If you're running nginx I am using the following:
if ($http_user_agent ~* "SemrushBot|Semrush|AhrefsBot|MJ12bot|YandexBot|YandexImages|MegaIndex.ru|BLEXbot|BLEXBot|ZoominfoBot|YaK|VelenPublicWebCrawler|SentiBot|Vagabondo|SEOkicks|SEOkicks-Robot|mtbot/1.1.0i|SeznamBot|DotBot|Cliqzbot|coccocbot|python|Scrap|SiteCheck-sitecrawl|MauiBot|Java|GumGum|Clickagy|AspiegelBot|Yandex|TkBot|CCBot|Qwantify|MBCrawler|serpstatbot|AwarioSmartBot|Semantici|ScholarBot|proximic|GrapeshotCrawler|IAScrawler|linkdexbot|contxbot|PlurkBot|PaperLiBot|BomboraBot|Leikibot|weborama-fetcher|NTENTbot|Screaming Frog SEO Spider|admantx-usaspb|Eyeotabot|VoluumDSP-content-bot|SirdataBot|adbeat_bot|TTD-Content|admantx|Nimbostratus-Bot|Mail.RU_Bot|Quantcastboti|Onespot-ScraperBot|Taboolabot|Baidu|Jobboerse|VoilaBot|Sogou|Jyxobot|Exabot|ZGrab|Proximi|Sosospider|Accoona|aiHitBot|Genieo|BecomeBot|ConveraCrawler|NerdyBot|OutclicksBot|findlinks|JikeSpider|Gigabot|CatchBot|Huaweisymantecspider|Offline Explorer|SiteSnagger|TeleportPro|WebCopier|WebReaper|WebStripper|WebZIP|Xaldon_WebSpider|BackDoorBot|AITCSRoboti|Arachnophilia|BackRub|BlowFishi|perl|CherryPicker|CyberSpyder|EmailCollector|Foobot|GetURL|httplib|HTTrack|LinkScan|Openbot|Snooper|SuperBot|URLSpiderPro|MAZBot|EchoboxBot|SerendeputyBot|LivelapBot|linkfluence.com|TweetmemeBot|LinkisBot|CrowdTanglebot|ClaudeBot|Bytespider|ImagesiftBot|Barkrowler|DataForSeoBo|Amazonbot|facebookexternalhit|meta-externalagent|FriendlyCrawler|GoogleOther|PetalBot|Applebot") { return 403; }
That will block those that actually use recognisable user agents. I add any I find as I go on. It will catch a lot!
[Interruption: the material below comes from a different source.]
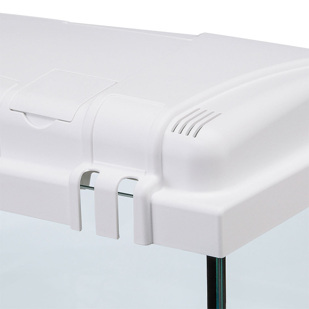 Capri 60 Led está preparado para añadir accesorios: una útil trampilla en la tapa permite instalar un comedero automático para peces mientras que unos específicos cierres extraíbles permiten pasar los tubos de envío y aspiración de un filtro externo. La tapa está dotada de una amplia trampilla en la parte delantera, que se puede abrir para facilitar el mantenimiento.

I also have a huuuuuge IP based block list (generated by adding all ranges returned from looking up the following AS numbers):
AS45102 (Alibaba cloud) AS136907 (Huawei SG) AS132203 (Tencent) AS32934 (Facebook)
Since these guys run or have run bots that impersonate real browser agents.
There are various tools online to return prefix/ip lists for an autonomous system number.
I put both into a single file and include it into my web site config files.
EDIT: Just to add, keeping on top of this is a full time job! EDIT 2: Removed Mojeek bot as it seems to be a normal web crawler.